BRIEF – Each record must be returned exactly, apart from the pictures, which stay out.

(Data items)

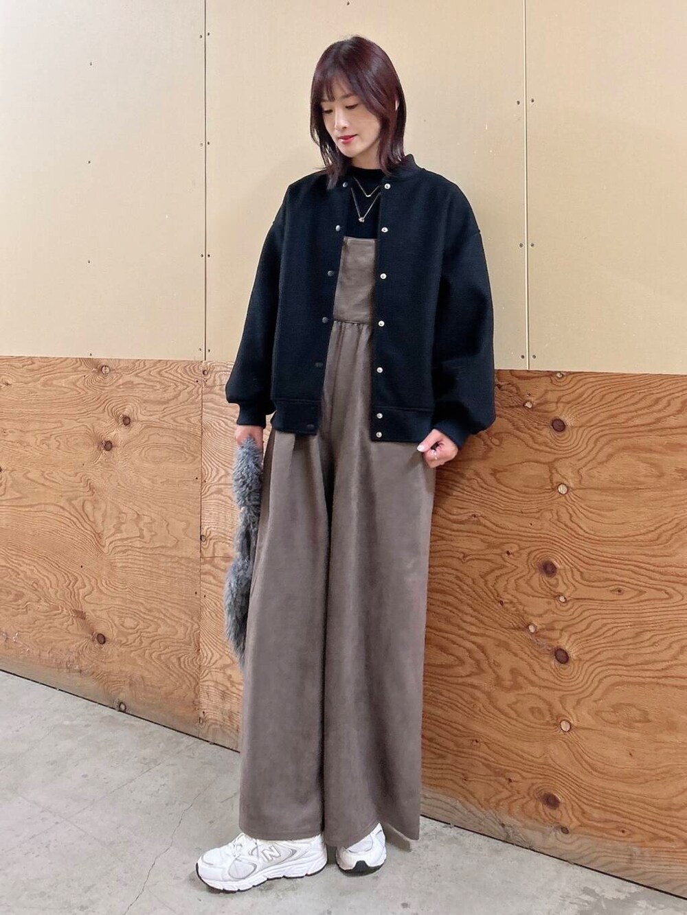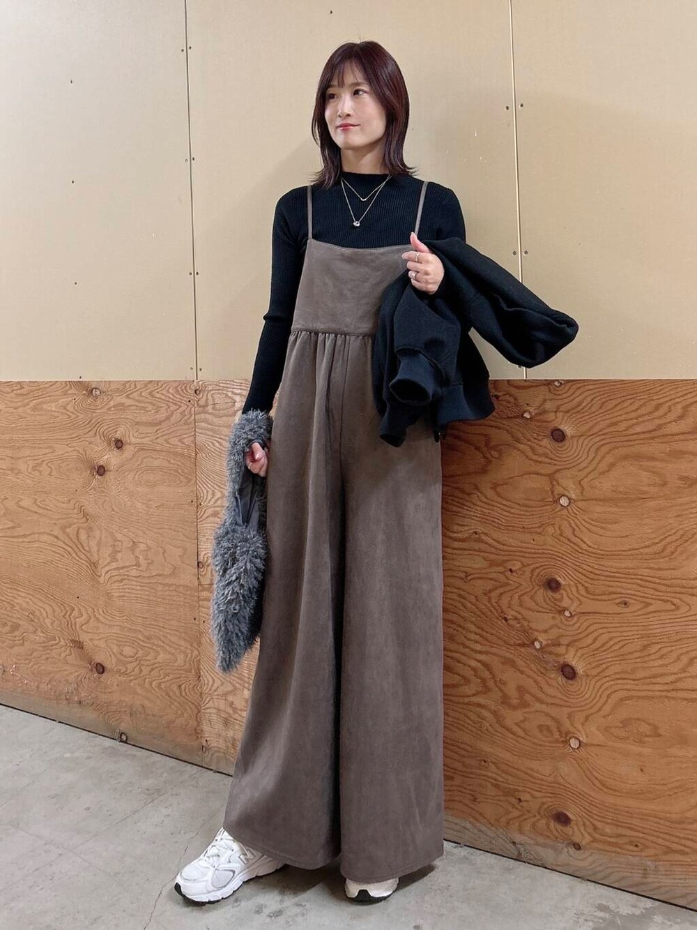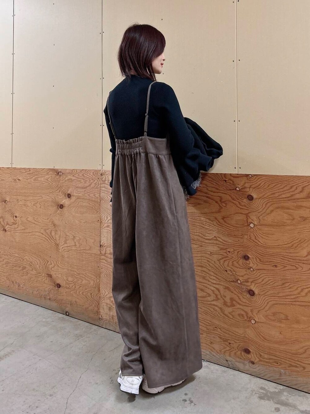 サロペットは柔らかいベロア生地でウエスト周りもゆったりしています。
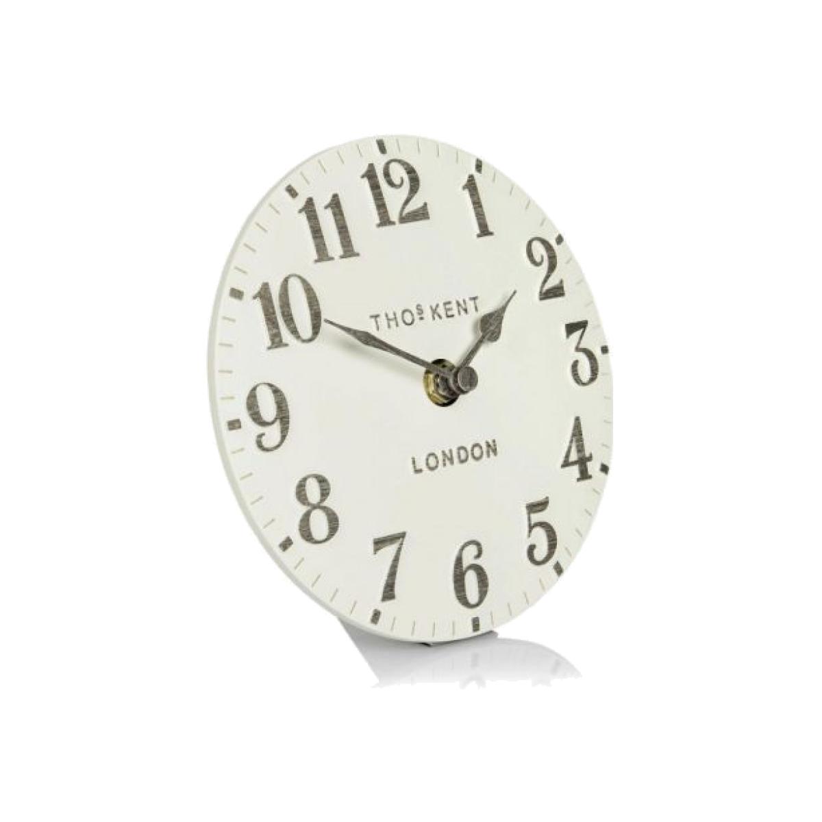 The bold and characterful 6-inch Arabic Mantel Clock from Thomas Kent is cast in sold resin with a moulded stand at the back, With its soft curved convex shape,.open face and raised numerals in contrasting colour this clock is hand-painted for an authentic arts and crafts feel. It’s a real talking point for anyone who wants to bring a little something special to their home decor. Colour : Limestone  Size 15cm (6') Depth 5cm AA Battery required.
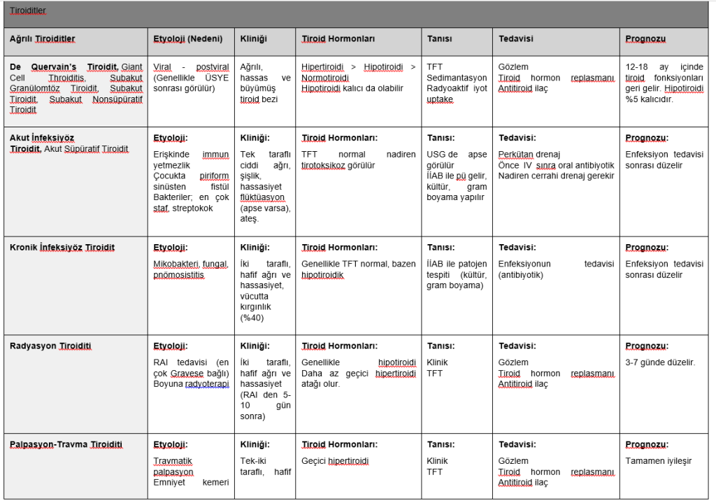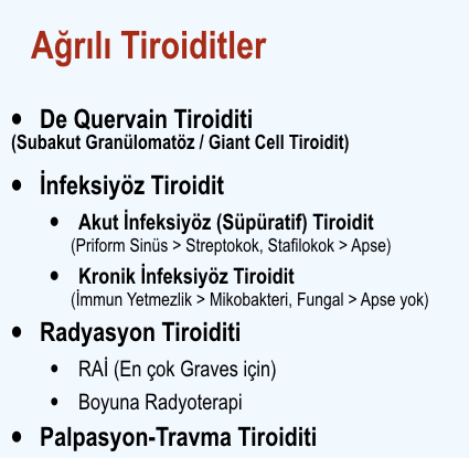 ÜSYE’den sonra ortaya çıkar.Etkenler staf.,strep.vs… olabilir. Tiroid bezi ağrılı ve şiştir.
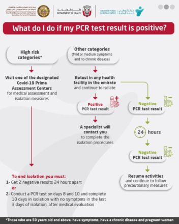 Власти также изложили процедуры для лиц с легкими или умеренными симптомами или тех, кто не страдает хроническими заболеваниями. В этом случае они должны пройти повторное тестирование в любом медицинском учреждении в эмирате, пребывая при этом в изоляции (за исключением посещения данного медицинского учреждения). Если этот тест окажется положительным, с пациентом свяжется специалист и предложит пройти процедуры изоляции.
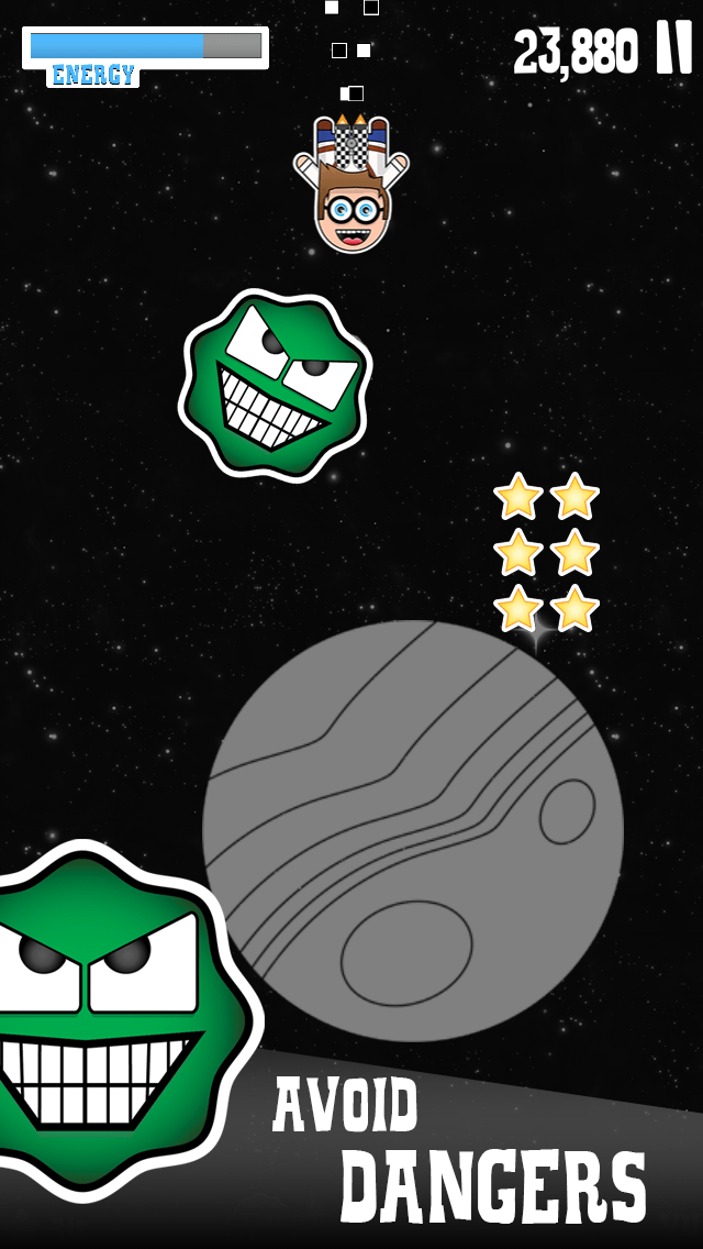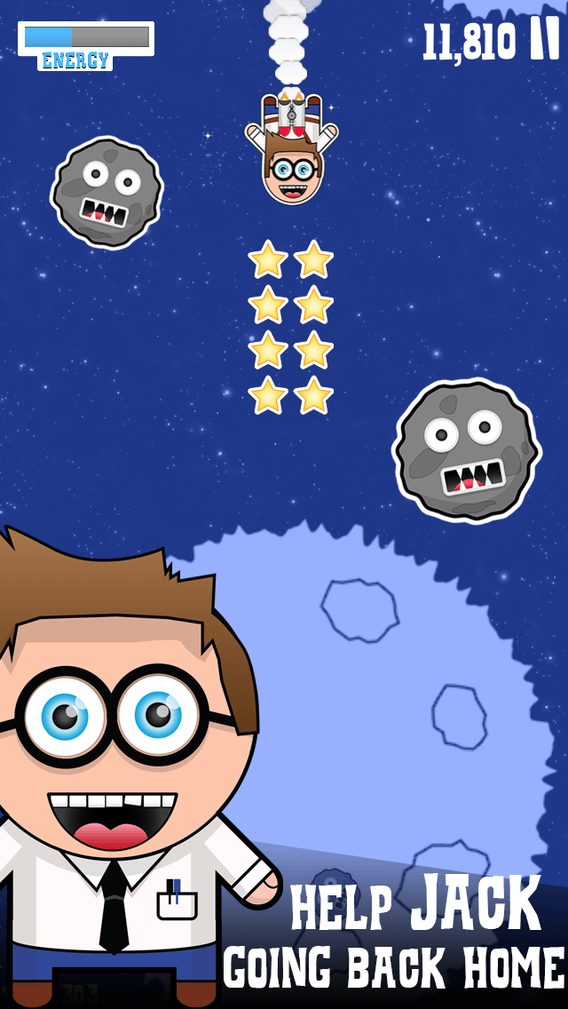 Back To Earth, a unique adventure in Space. Help Jack, a young geek who got warped to a distant planet going back Home. You will assist Jack avoiding the Dangers on the way and getting Power-Ups. Beware of the Black Stars... Be Fast and Witty to clear each mission and Finally get Back To Earth !
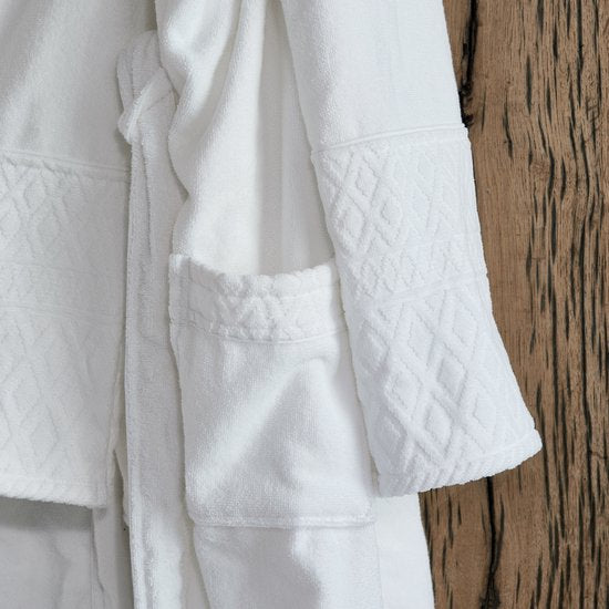 Après une douche revigorante ou un bain relaxant, ou pour se réchauffer au lever du lit le matin. Parfait pour se blottir dans le canapé. Le 100% coton merveilleusement doux vous donne envie de le porter toute la journée. Les manches et les poches sont ornées d'une bordure luxueuse et d'un magnifique motif graphique tissé en jacquard, ce qui confère au peignoir une allure chic et élégante. Le nom Riviera Maison est subtilement brodé sur la ceinture. Ce peignoir est disponible en différentes couleurs et tailles. De plus, le peignoir est livré dans un luxueux coffret cadeau, un merveilleux cadeau pour vous-même ou pour un être cher. La boîte est réutilisable ou facilement recyclable.

RESPONSE –
 サロペットは柔らかいベロア生地でウエスト周りもゆったりしています。
 The bold and characterful 6-inch Arabic Mantel Clock from Thomas Kent is cast in sold resin with a moulded stand at the back, With its soft curved convex shape,.open face and raised numerals in contrasting colour this clock is hand-painted for an authentic arts and crafts feel. It’s a real talking point for anyone who wants to bring a little something special to their home decor. Colour : Limestone  Size 15cm (6') Depth 5cm AA Battery required.
 ÜSYE’den sonra ortaya çıkar.Etkenler staf.,strep.vs… olabilir. Tiroid bezi ağrılı ve şiştir.
 Власти также изложили процедуры для лиц с легкими или умеренными симптомами или тех, кто не страдает хроническими заболеваниями. В этом случае они должны пройти повторное тестирование в любом медицинском учреждении в эмирате, пребывая при этом в изоляции (за исключением посещения данного медицинского учреждения). Если этот тест окажется положительным, с пациентом свяжется специалист и предложит пройти процедуры изоляции.
 Back To Earth, a unique adventure in Space. Help Jack, a young geek who got warped to a distant planet going back Home. You will assist Jack avoiding the Dangers on the way and getting Power-Ups. Beware of the Black Stars... Be Fast and Witty to clear each mission and Finally get Back To Earth !
 Après une douche revigorante ou un bain relaxant, ou pour se réchauffer au lever du lit le matin. Parfait pour se blottir dans le canapé. Le 100% coton merveilleusement doux vous donne envie de le porter toute la journée. Les manches et les poches sont ornées d'une bordure luxueuse et d'un magnifique motif graphique tissé en jacquard, ce qui confère au peignoir une allure chic et élégante. Le nom Riviera Maison est subtilement brodé sur la ceinture. Ce peignoir est disponible en différentes couleurs et tailles. De plus, le peignoir est livré dans un luxueux coffret cadeau, un merveilleux cadeau pour vous-même ou pour un être cher. La boîte est réutilisable ou facilement recyclable.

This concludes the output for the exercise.